DataSets are defined through various settings and information. Below is a detailed description of each field and setting option related to DataSets.

- **Name (name)**: Set the name of the DataSet. This name is used to uniquely identify the DataSet.

- **Description (description)**: Set a description of the DataSet. Used to explain the purpose, content, or features of the DataSet.

- **Type (type)**: Set the type of DataSet. You can choose one of two options:

  - **Manual (Manual)**: Represents a DataSet where users enter data directly.
  - **Automatic (Automatic)**: Represents a DataSet where data is collected through automated methods, such as sensors.

- **Data Key Set (dataKeySet)**: Apply items registered on the Data Key Set master page to the DataSet. The Data Key Set defines the data fields and properties to be used in the DataSet.

- **Partition Keys (partitionKeys)**: Set partition keys used to divide and organize data. Partition keys logically group and store data and provide efficiency in data management and retrieval. Using partition keys, data can be quickly filtered and queried.

- **Schedule (schedule)**: Set the data input cycle. Once the cycle is set, data input tasks will be performed according to that cycle.

- **Timezone (timezone)**: Set the reference timezone for the schedule. Used for time zone conversion related tasks.

- **Normal Data Scenario (normalScenario)**: Sets the scenario that starts when normal data is generated. Used when subsequent data processing is needed.

- **Outlier Scenario (outlierScenario)**: Sets the scenario that starts when data exceeding the normal range is generated. Used when subsequent data processing is needed.

- **Review Approval Line (reviewApprovalLine)**: Sets the approval line for the data review process when normal data is generated. Only applies if review work is needed.

- **Outlier Approval Line (outlierApprovalLine)**: Sets the approval line for the data action process when data exceeding the normal range is generated.

- **Supervisory Role (supervisoryRole)**: Set the supervisory role for the DataSet. The supervisor is responsible for reviewing collected data and outlier data. They also have the authority to assign data collection tasks.

- **Entry Role (entryRole)**: Set the role with entry permissions. This role is responsible for performing data entry tasks.

- **Assignees (assignees)**: Set the person in charge of handling data collection tasks.

- **Review Approval Line (reviewApprovalLine)**: Set the approval line for verifying the data collection results by the supervisor.

- **Outlier Approval Line (outlierApprovalLine)**: Set the approval line for handling outlier data.

- **Requires Review (requiresReview)**: Set whether data review is necessary. If set, the administrator's review and review approval process automatically begins.

- **Entry Type (entryType)**: Set the type of entry screen. You can choose one of the following options:

  - **Generated**: Automatically use the implemented screen.
  - **Board**: Use the Board screen.
  - **Page**: Move to the implemented page. A sub URL (suburl) is required.
  - **External URL**: Move to an external page. A full URL is required.
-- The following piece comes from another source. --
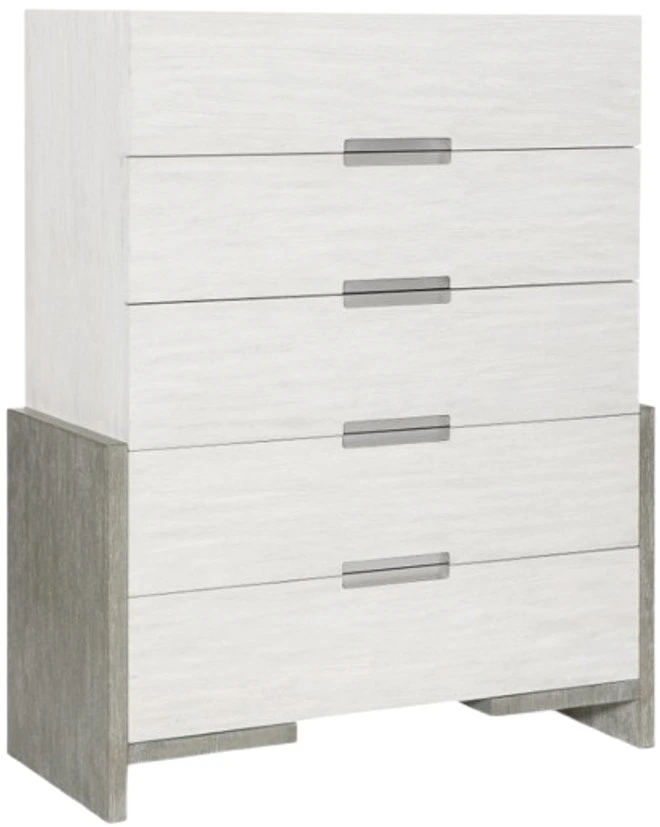 Foundations is a new, refined expression of modern rustic, defined by a minimalist style and relaxed comfort. The Foundations tall drawer chest features a two-tone theme and substantial, thick-cut planes. Five drawers, finished in a muted oyster, contrast with its darker wood frame. This handsome piece offers an instant upgrade to any bedroom.Read More

- **Entry View (entryView)**: Set the value according to the type of entry screen. If the Board screen type is selected, set the corresponding value.

- **Monitor Type (monitorType)**: Set the type of monitor screen. Provides the same options as the entry screen type.

- **Monitor View (monitorView)**: Set the value corresponding to the type of monitor screen.

- **Report Type (reportType)**: Set the type of report screen. Provides partially shared options with the entry screen type.

  - **Jasper**: Render a Jasper report page according to Jasper server settings to generate a report.
  - **Shiny**: Render a Shiny application page according to Shiny server settings to generate a report.

- **Report View (reportView)**: Set the value according to the type of report screen. In the case of Jasper or Shiny, a valid sub URL (suburl) on the respective server is needed.

- **Report Template (reportTemplate)**: Upload the template file required for the report screen.

- **Use Case (useCase)**: Indicates the purpose or use of the DataSet. Includes common use case options like "QA," "CCP," "SPC."

- **Data Items (dataItems)**: Set the data items for the DataSet.

- **Data Entry Schedule (schedule)**: Set the data entry cycle.

- **Data Entry Timezone (timezone)**: Set the timezone related to data entry for the DataSet.

- **Schedule ID (scheduleId)**: Set the schedule ID for the DataSet.

- **Summary Period (summaryPeriod)**: Setting a summary period automatically registers a summary task in the scheduler. Currently, weekly and monthly period summaries are not provided considering workload. Period options include hour (hour), shift (shift), workdate (workdate), and daily (daily).

- **Next Summary Execution Date (summarySchedule)**: Notify the next summary execution date based on the set summary period. Summary tasks are performed according to the set cycle.

- **Creation Date (createdAt)**: Indicates the date and time the DataSet was created.

- **Last Update Date (updatedAt)**: Indicates the date and time the DataSet was last updated.

- **Creator (creator)**: Indicates the user who created the DataSet.

- **Updater (updater)**: Indicates the user who last updated the DataSet.

These settings and information help define the DataSet and use it, aiding in a clear understanding of the DataSet's purpose and use.

## Partition Key Utilization Example

**Partition Key Utilization Example (Athena API):**

Athena is one of Amazon Web Services (AWS) query services, which allows easy querying and analysis of data stored in S3. Let's look at how to use partition keys to quickly search and filter data in Athena.

Assumptions:

- The DataSet stores daily order data.
- The partition key is set to "Date."

**Athena Query Example:**

The following is an example query using Athena to search for order data on a specific date.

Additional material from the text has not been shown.